David Graeff suggested that this is related to the new publishMQTT action itself and that this might not be stress tested yet.
openhab 2.4 release
raspian jessie and ubuntu 16.04
Please use the Eclipse SmartHome issue tracker for reporting MQTT Binding related issues. That's the repository where the MQTT Binding source code is maintained. Thanks.
This issue should be reopened as MQTT binding is no longer developed in ESH repository.
I have the same problem here.
Worked around it with a Icinga event_command (sudo -u openhab ssh -p 8101 openhab@localhost 'bundle:restart 211') while 211 is the "Eclipse SmartHome MQTT Binding" and the Icinga is trying to get some data from a specific mqtt topic.

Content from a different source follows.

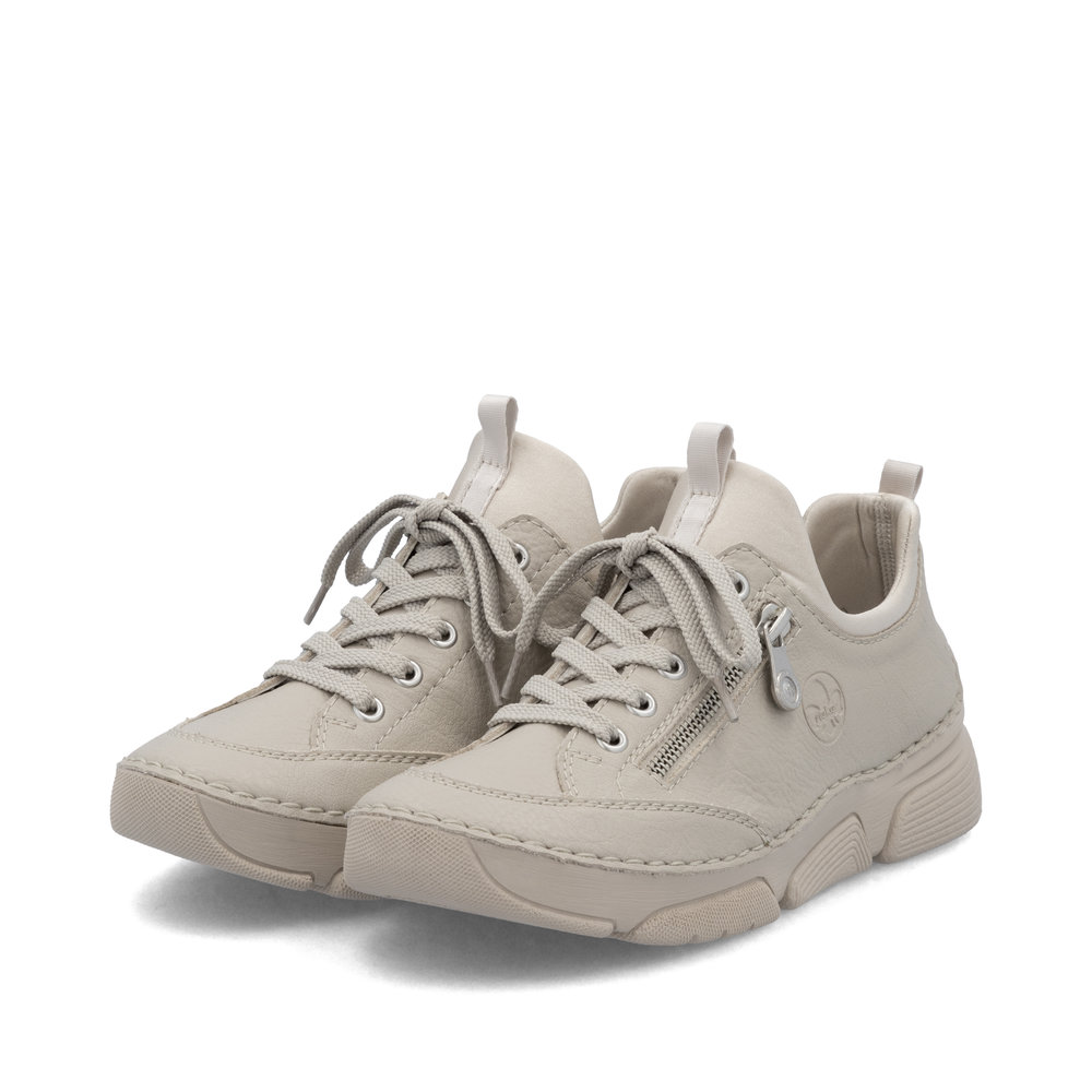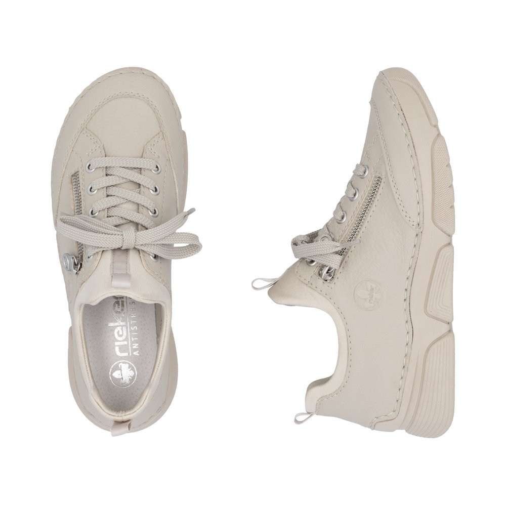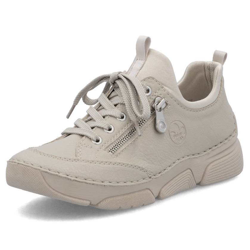 Diese RIEKER Sneaker vereinen Originalität, Stil und Komfort auf ideale Weise. Das beigefarbene Design in Kombination mit dem geprägten Markenlogo und dem dekorativen Reißverschluss verleiht dem Schuh einen einzigartigen, modernen Charakter. Der flexible obere Schuhrand ermöglicht ein schnelles und bequemes Anziehen, während die Schnürung hauptsächlich als stilvolles Designelement dient. Die weiche Ledereinlegesohle sorgt für ganztägigen Tragekomfort – ob im Alltag, bei der Arbeit oder beim entspannten Spaziergang. Dank ihres universellen Looks lassen sich diese Sneaker leicht mit verschiedenen Outfits kombinieren und werden schnell zu einem Lieblingsstück in Ihrem Kleiderschrank. Die Antistress-Technologie von RIEKER sorgt durch Stoßdämpfung, Leichtigkeit, Flexibilität und Geräumigkeit für ein noch angenehmeres Lauferlebnis.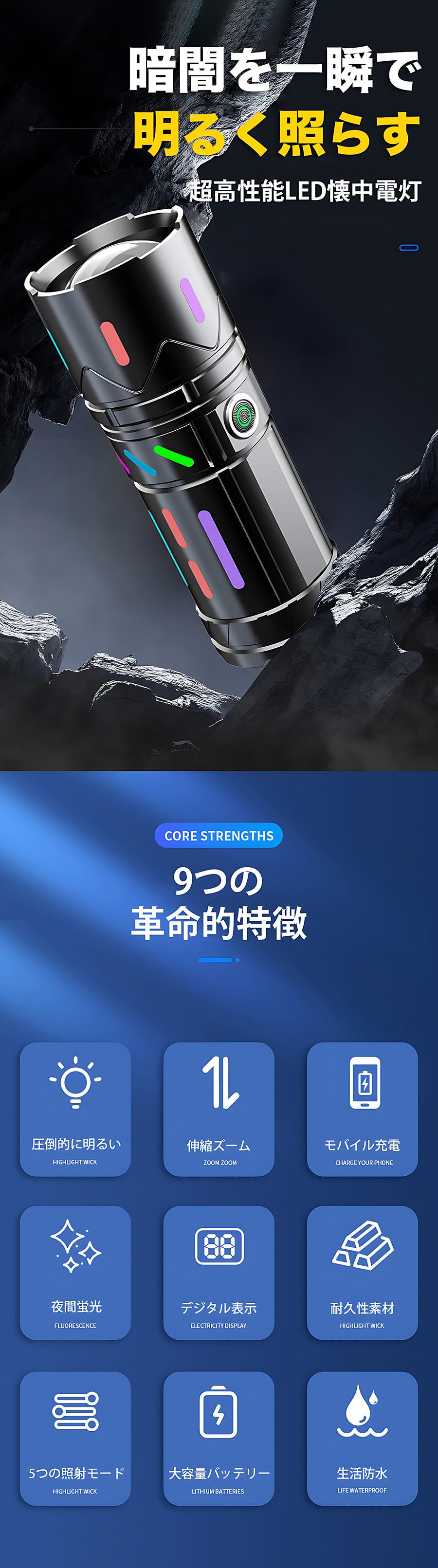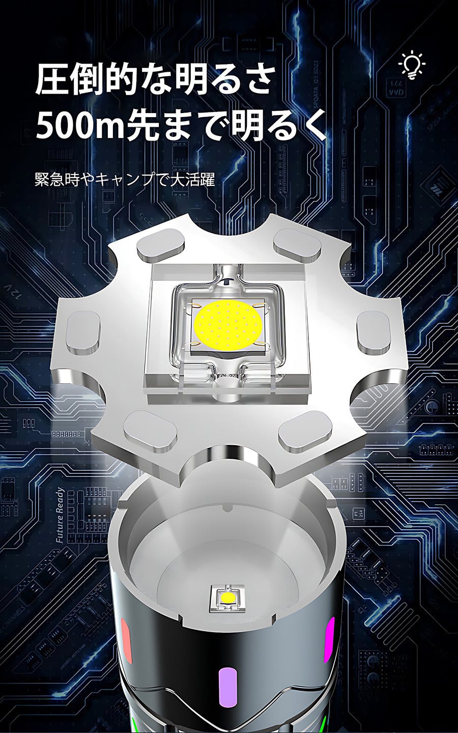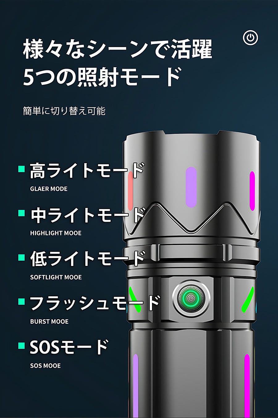 フラッシュモード・SOSモードは緊急時や災害時に役立ちます。

Can be done within openHAB, too.
Is this openHAB 2.4 only? Although it's the most recent "release" version, that version is not supported by me, only OH 2.5 snapshots.
Is this openHAB 2.4 only? Although it's the most recent "release" version, that version is not supported by me, only OH 2.5 snapshots.
It's openHAB 2.4 in my case.
Nevertheless, in the other bug report is written, that the issue still arises in OH 2.5M1.
Just wanted to add that i was able to reproduce this in 2.5M1. Is there a specific snapshot that is stable with a potential fix that needs to be tested? Happy to test and debug where needed.
Is there a fix or a decent workaround for this? Getting the same after a few hours, exceptionally frustrating.
It's definitely not on the Mqtt binding side. It's a core problem.
Can anybody test periodic usage of script actions with other bindings? Maybe the mqtt-actions code has a defect.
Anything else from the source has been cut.